National Center for Health Statistics. “Household Pulse Survey.” Accessed February 2021. https://www.cdc.gov/nchs/covid19/pulse/mental-health.htm.

Some of the errors may have been more likely to occur because the COVID-19 Household Pulse Survey was meant to provide near real-time information during the pandemic. This meant there was limited time for testing questions to help ensure that survey questions were consistently clear to respondents. For example, it may be possible that respondents did not have a common understanding of what “before March 13th” meant for certain questions (i.e., immediately before versus anytime in the past). As another example, respondents who received free food through school-based meal programs in New York City via delivery may have categorized such programs as either a school-based program, a home-delivery program, or both. Processing errors (e.g., incorrect coding of data) may have also been more likely because of the rapid timeline.
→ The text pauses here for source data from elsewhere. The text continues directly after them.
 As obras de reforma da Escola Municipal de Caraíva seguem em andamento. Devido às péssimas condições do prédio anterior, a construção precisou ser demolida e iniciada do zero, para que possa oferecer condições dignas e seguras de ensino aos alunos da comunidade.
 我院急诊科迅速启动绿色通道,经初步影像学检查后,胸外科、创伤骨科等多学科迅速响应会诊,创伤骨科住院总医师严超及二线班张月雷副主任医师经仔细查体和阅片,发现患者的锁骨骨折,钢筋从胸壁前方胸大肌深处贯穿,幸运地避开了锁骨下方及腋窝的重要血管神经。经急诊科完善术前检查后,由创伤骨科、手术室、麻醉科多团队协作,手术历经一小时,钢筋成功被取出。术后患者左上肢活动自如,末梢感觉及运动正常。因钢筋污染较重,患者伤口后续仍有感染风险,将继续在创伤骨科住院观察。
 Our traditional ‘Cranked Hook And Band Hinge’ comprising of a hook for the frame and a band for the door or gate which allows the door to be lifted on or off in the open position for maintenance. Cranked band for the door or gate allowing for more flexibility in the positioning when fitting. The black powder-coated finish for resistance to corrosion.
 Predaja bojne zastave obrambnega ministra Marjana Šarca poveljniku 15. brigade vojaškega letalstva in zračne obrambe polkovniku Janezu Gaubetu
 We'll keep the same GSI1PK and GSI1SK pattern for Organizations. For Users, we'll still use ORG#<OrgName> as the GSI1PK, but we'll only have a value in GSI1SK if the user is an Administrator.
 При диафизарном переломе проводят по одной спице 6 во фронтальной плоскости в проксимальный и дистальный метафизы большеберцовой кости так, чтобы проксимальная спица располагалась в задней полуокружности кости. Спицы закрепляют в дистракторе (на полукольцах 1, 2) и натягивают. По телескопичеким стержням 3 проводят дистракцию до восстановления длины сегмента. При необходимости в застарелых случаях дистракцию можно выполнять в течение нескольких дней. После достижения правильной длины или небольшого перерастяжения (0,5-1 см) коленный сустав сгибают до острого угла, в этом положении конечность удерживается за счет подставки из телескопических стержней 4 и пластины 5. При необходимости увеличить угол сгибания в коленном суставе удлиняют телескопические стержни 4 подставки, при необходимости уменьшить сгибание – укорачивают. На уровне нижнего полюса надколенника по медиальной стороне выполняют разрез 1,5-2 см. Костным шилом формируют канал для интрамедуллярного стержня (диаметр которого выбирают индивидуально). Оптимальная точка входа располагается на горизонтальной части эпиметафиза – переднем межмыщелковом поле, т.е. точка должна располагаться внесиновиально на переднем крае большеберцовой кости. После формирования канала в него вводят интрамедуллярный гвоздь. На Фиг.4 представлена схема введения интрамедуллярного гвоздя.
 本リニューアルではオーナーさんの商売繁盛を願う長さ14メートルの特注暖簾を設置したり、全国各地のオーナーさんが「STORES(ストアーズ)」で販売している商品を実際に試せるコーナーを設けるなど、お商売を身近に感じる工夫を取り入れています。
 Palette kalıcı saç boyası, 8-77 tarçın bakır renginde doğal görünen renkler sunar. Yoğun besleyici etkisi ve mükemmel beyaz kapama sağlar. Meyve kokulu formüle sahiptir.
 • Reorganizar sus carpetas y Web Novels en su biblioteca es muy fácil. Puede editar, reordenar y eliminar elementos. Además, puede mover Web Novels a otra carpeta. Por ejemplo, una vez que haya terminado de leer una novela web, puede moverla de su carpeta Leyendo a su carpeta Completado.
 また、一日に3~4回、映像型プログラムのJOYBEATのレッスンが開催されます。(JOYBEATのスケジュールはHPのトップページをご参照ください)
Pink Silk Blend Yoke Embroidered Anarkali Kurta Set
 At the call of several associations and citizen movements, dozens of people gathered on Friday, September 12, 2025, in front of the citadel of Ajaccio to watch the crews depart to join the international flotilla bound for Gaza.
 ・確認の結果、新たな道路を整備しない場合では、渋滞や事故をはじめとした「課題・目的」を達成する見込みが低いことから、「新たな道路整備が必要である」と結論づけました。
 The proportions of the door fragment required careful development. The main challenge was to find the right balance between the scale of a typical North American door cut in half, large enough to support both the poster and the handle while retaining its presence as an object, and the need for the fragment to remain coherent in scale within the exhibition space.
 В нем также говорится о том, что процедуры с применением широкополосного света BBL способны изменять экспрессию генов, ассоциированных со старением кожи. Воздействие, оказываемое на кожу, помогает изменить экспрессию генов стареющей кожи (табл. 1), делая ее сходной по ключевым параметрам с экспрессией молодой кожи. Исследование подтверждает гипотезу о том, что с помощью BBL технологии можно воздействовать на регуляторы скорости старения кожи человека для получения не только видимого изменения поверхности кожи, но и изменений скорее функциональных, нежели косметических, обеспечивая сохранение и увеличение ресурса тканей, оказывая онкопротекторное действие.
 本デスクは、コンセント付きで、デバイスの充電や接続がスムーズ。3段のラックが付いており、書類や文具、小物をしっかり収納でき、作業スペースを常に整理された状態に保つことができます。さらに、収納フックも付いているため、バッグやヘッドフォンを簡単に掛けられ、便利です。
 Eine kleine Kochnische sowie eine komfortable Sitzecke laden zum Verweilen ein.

Coverage error may have occurred as households were invited to participate in the survey via cellphone and e-mail. New Yorkers without cellphones, computers, or internet access therefore may have been underrepresented. For example, this likely influenced the low response for “shelter” as a food access point, as New Yorkers in shelters may be less likely to have access to this technology.

Also, the response rate for the Household Pulse Survey was substantially lower than many other federally sponsored surveys, which would make it more susceptible to nonresponse error. Although the federal government employs quality-control procedures to minimize certain biases, the extent of such biases has not yet been evaluated for the COVID-19 Household Pulse Survey.